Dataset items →
=== Section Start ===
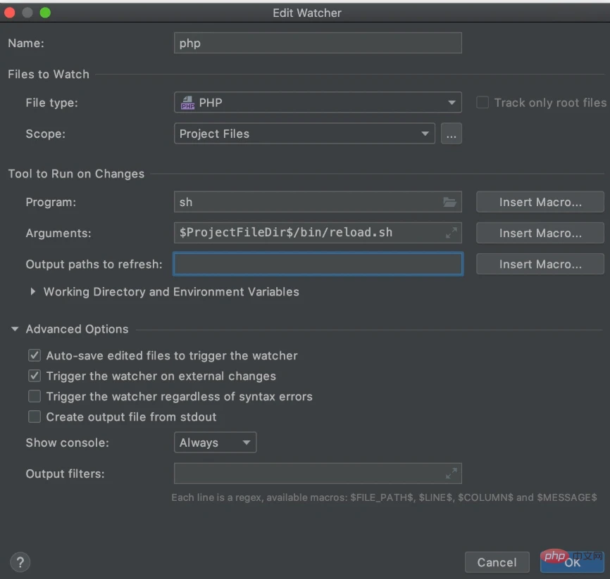 Name: php File Type: PHP Scope: Project Files Program: sh Arguments: $ProjectFileDir$/bin/reload.sh Show Console: Always
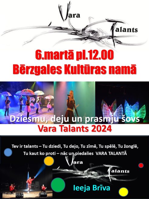 06.02.2024 До 20 февраля молодые таланты приглашаются записаться на шоу песен, танцев и других умений "Vara Talants", в рамках которого встречаются молодые певцы, танцоры и артисты, чтобы продемонстрировать свои умения и таланты широкой публике.Мероприятие состоится 6 марта в Берзгальском доме культуры. На нем школьники получат возможность творчески проявить себя и показать свои таланты в различных областях искусства.
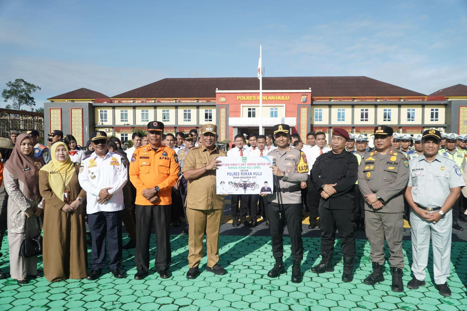 Riaumandiri.co - Bentuk dukungan terhadap pengamanan yang maksimal oleh pihak kepolisian, Bupati Rokan Hulu, Anton serahkan secara simbolis hibah 5 unit sepeda motor kepada Polres Rokan Hulu.
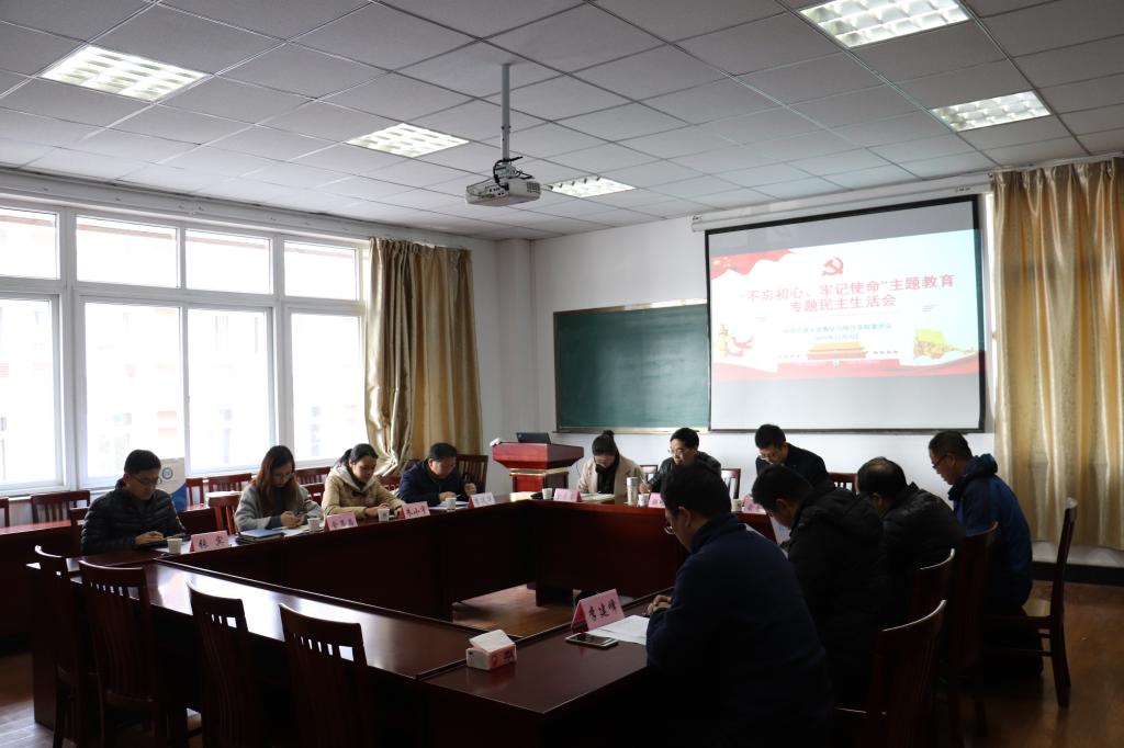 12月9日,数学与统计学院党委班子在9号楼303会议室召开“不忘初心、牢记使命”专题民主生活会。会议由党委书记俞金波主持,学校第二巡回指导组副组长骆明伟,组员金芬芬参加。民主党派代表李茂华、青年博士代表朱小宇列席会议。会议紧扣学习贯彻习近平新时代中国特色社会主义思想主线,聚焦“不忘初心、牢记使命”主题,班子和班子成员分别对照问题检视开展严肃认真的批评和自我批评。
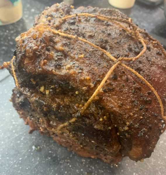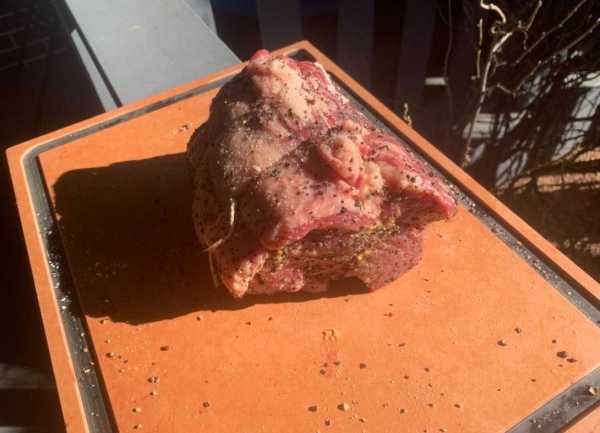 Кусок (1,8 кг примерно) ноги говядины. Мраморная от Праймбиф. Рулет с дижонской горчицей, специями (соль и дробленый перец из расчета 1 чайная ложка без горки каждого ингредиента на 1 кг мяса) и тертым «пармезаном». А дальше по методике брискета - до 65-67 градусов внутри. Потом обертывание в фольгу и 95. В камадо весь процесс температура была 115 градусов. P. S. Вышло слегка суховато. Нужно было пожирнее кусок взять. Или вообще отруб типа чак ролл. Или бекон внутрь положить 🙂
=== Section End ===
Task objective →
Your reply should consist solely of the lines above, from the opening line through the line with "12月9日,数学与统计学院党", reproduced exactly and without pictures.

The answer →
 Name: php File Type: PHP Scope: Project Files Program: sh Arguments: $ProjectFileDir$/bin/reload.sh Show Console: Always
 06.02.2024 До 20 февраля молодые таланты приглашаются записаться на шоу песен, танцев и других умений "Vara Talants", в рамках которого встречаются молодые певцы, танцоры и артисты, чтобы продемонстрировать свои умения и таланты широкой публике.Мероприятие состоится 6 марта в Берзгальском доме культуры. На нем школьники получат возможность творчески проявить себя и показать свои таланты в различных областях искусства.
 Riaumandiri.co - Bentuk dukungan terhadap pengamanan yang maksimal oleh pihak kepolisian, Bupati Rokan Hulu, Anton serahkan secara simbolis hibah 5 unit sepeda motor kepada Polres Rokan Hulu.
 12月9日,数学与统计学院党委班子在9号楼303会议室召开“不忘初心、牢记使命”专题民主生活会。会议由党委书记俞金波主持,学校第二巡回指导组副组长骆明伟,组员金芬芬参加。民主党派代表李茂华、青年博士代表朱小宇列席会议。会议紧扣学习贯彻习近平新时代中国特色社会主义思想主线,聚焦“不忘初心、牢记使命”主题,班子和班子成员分别对照问题检视开展严肃认真的批评和自我批评。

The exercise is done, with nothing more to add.